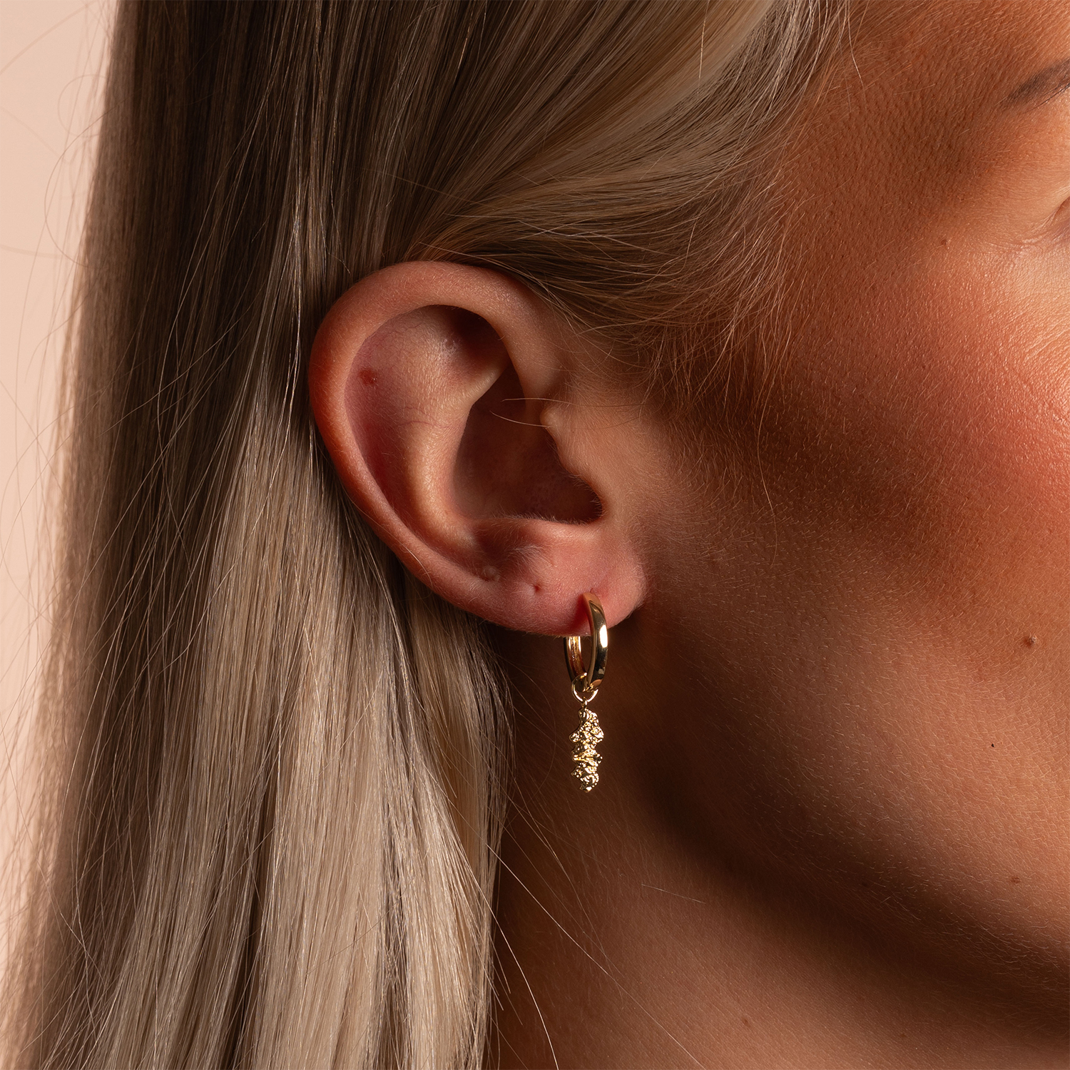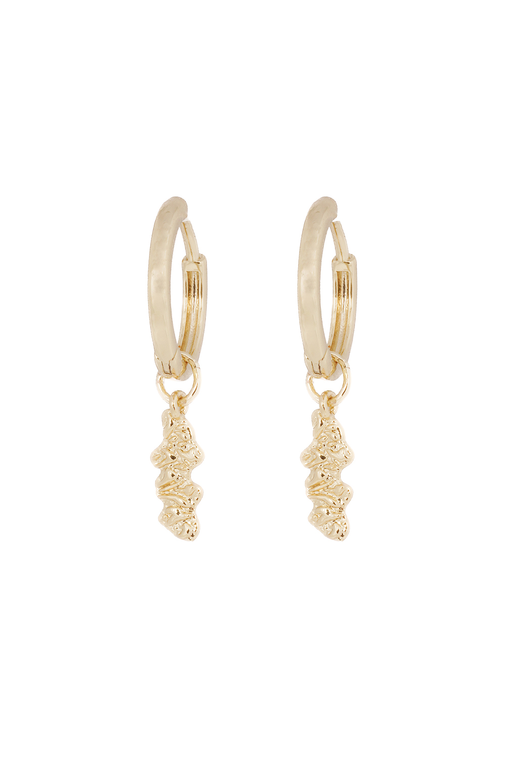 Thin gold-toned hoops with a sleek, elongated pendant. A subtle yet distinct piece that works well with both casual outfits and more dressed-up occasions.
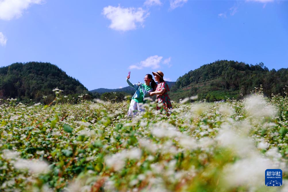 10月10日,游客在重庆市黔江区水田乡石郎村中药材基地观赏金荞麦花。
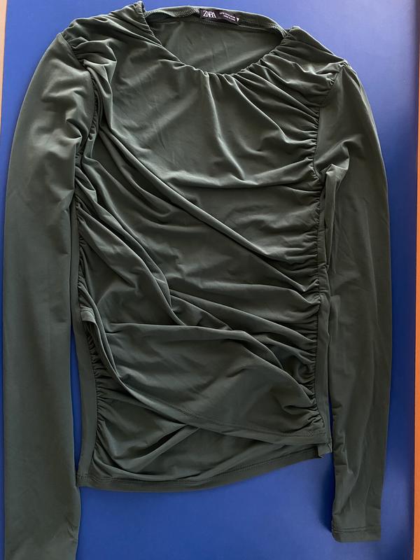 Красивый лонг от Zara в бутилковом цвете, спереди красиво стягивается, спереди асимметричная, тоненькая приятная к телу ткань

━━━━━━━━━━━━━━━━━━━━

Task prompt =>
Repeat verbatim the lines from the one with "10月10日,游客在重庆市黔江区水田乡石郎村中药材基地观赏金荞麦花。" through the end of the listing above. Include both ends, add nothing, and exclude the pictures.

Solution to this task =>
 10月10日,游客在重庆市黔江区水田乡石郎村中药材基地观赏金荞麦花。
 Красивый лонг от Zara в бутилковом цвете, спереди красиво стягивается, спереди асимметричная, тоненькая приятная к телу ткань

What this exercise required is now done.